**Dataset section**
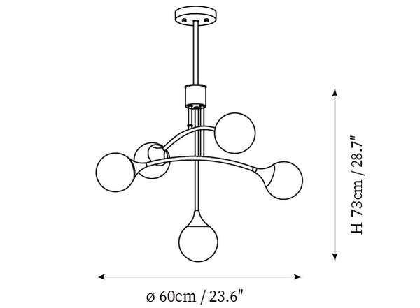 - 5-Lights Size: Dia 60cm x H 73cm / ∅ 23.6″ x H 28.7″
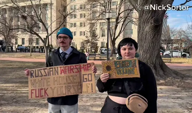 美乌局势升级:白宫外爆发亲乌克兰抗议活动
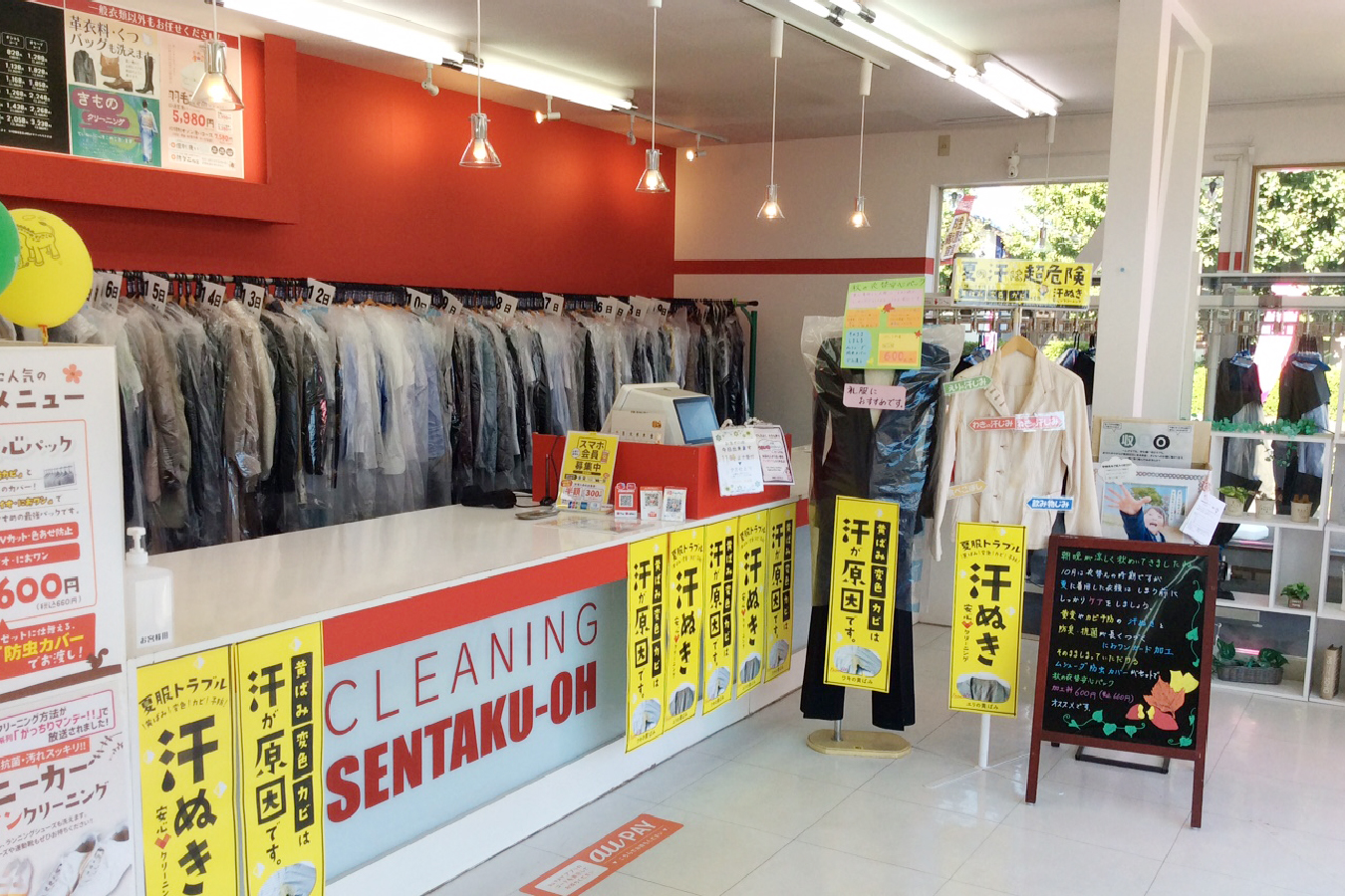 当店は、御所ケ丘小学校の近く、常総ふれあい道路沿いにあるクリーニング店です。

**Goal of the exercise**
The answer is every line of the data, exactly as written, with the pictures dropped.

**Response area**
 - 5-Lights Size: Dia 60cm x H 73cm / ∅ 23.6″ x H 28.7″
 美乌局势升级:白宫外爆发亲乌克兰抗议活动
 当店は、御所ケ丘小学校の近く、常総ふれあい道路沿いにあるクリーニング店です。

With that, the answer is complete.